From top to bottom: Left: 3-21G, 6-31G, 6-31++G**. Right: cc-pVDZ, aug-cc-pVDZ
5. Conclusions
It may seem weird that as a test case I picked a species I don't have any reference potential for. However, the goal here was to understand how the basis set affects the results, without being distracted by such things as Real Life.

The observed spectra can be divided into two group: 3-21G/6-31G vs 6-31++G**/cc-pVDZ/aug-cc-pVDZ. Polarization (and diffuse functions) seem to play a large role.

In terms of thermochemistry, not surprisingly aug-cc-pVDZ and 6-31++G** give very similar results since they both implement pol/diff functions.
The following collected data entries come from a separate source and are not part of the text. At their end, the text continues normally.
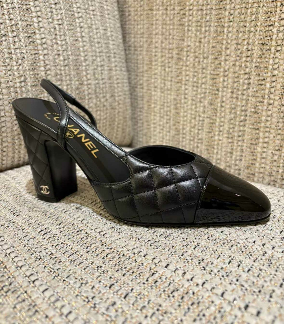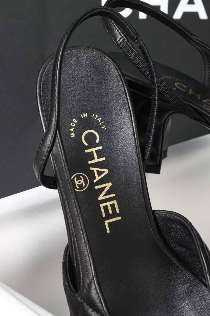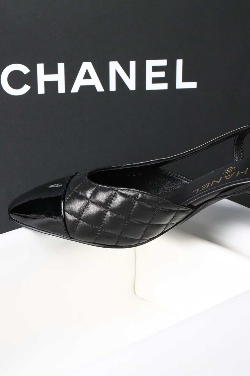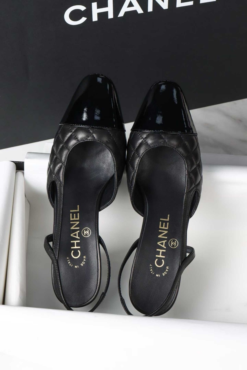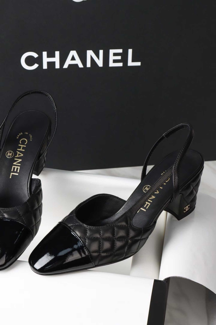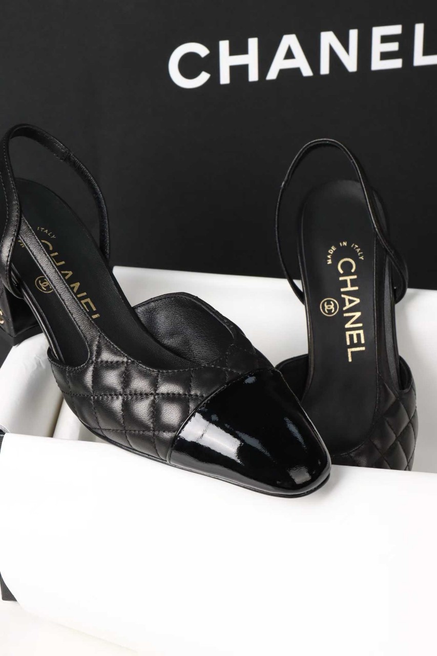 샤넬 퀼팅 미들 힐 슬링백
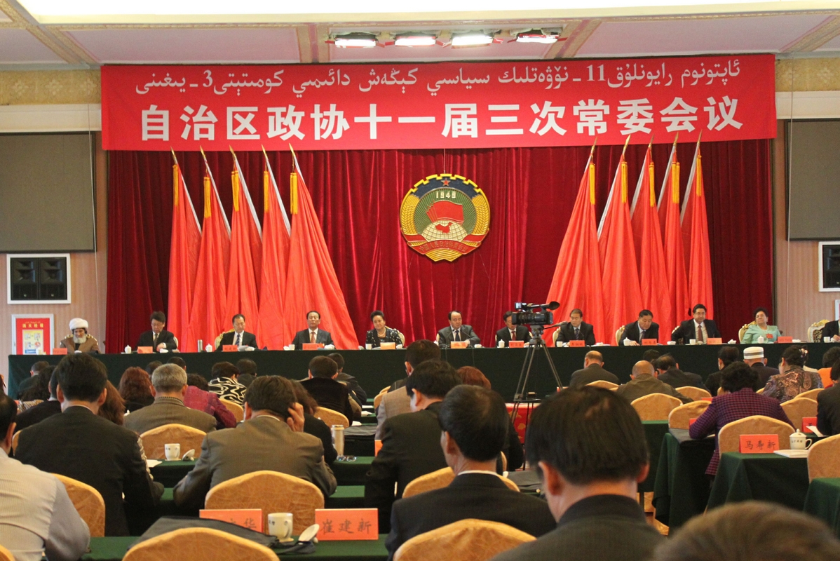 ??????? 2013年11月4日-5日,自治区政协十一届三次常委会议在乌鲁木齐召开,围绕“基础设施现代化建设”主题建言献策。自治区政协主席努尔兰?阿不都满金主持会议?;嵋榇锪酥醒胝尉殖N⑷飨嵴宰灾吻匙椤豆赜诘鼻靶陆泄毓ぷ髑榭龅谋ǜ妗返闹匾?,中央政治局委员、自治区党委书记张春贤对自治区政协工作的重要指示。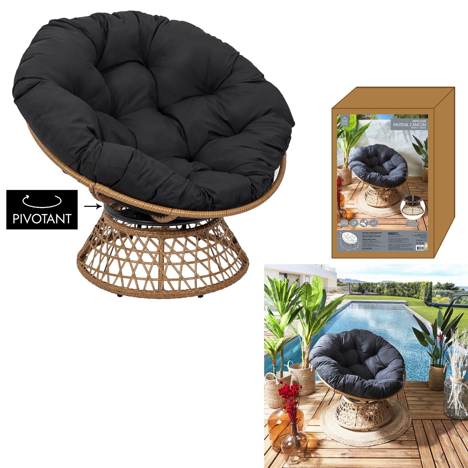Pleciony fotel Cancun to nawiązanie do naturalnego stylu b oho, który charakteryzuje się plecionkami w kolorze drewna oraz delikatnymi, lekkimi formami. Ten fotel taki właśnie jest. Miękkie okrągłe siedzisko wykończone poduszką, którą można zdjąć. Poduszka do ramy fotela montowana jest na taśmy, które przywiązujemy. Stelaż fotela nawiązujący do rattanowej plecionki, wykonany został z metalu pokrytego tworzywem sztucznym. Obrotowe siedzisko pozwala nie tylko na wygodny odpoczynek, ale również na obrócienie się np. w stronę słońca pdczas opalania na tarasie. Fotel wymaga montażu. Fotel nadaje się do użytku zewnętrznego (nalezy natomiast chronić poduszkę przed warunkami atmosferycznymi) Max. obciążenie 120kg. Wymiary kartonu: 95x65x32cm, Waga 15,5kg

The computational cost is, however, significantly higher for aug-cc-pVDZ than 6-31++G**, at least in nwchem.

There is also little difference between doing freq calculations in gas phase vs using cosmo when it comes to the calculated redox potential for the more extensive basis sets.

3-21G gives very varying results, with it giving the highest potential in the gas phase but the second lowest potential with cosmo. cc-pVDZ consistently gives the lowest potential.

UHF/ROHF/HF are fast, but wildly inaccurate. LANL2DZ/6-31+G* looks ok, results-wise, but the thermodynamic corrections are actually much smaller in conjunction with COSMO than the other methods, which is suspicious.

If given the time I may post a more detailed analysis of polarisation vs diffuse functions later.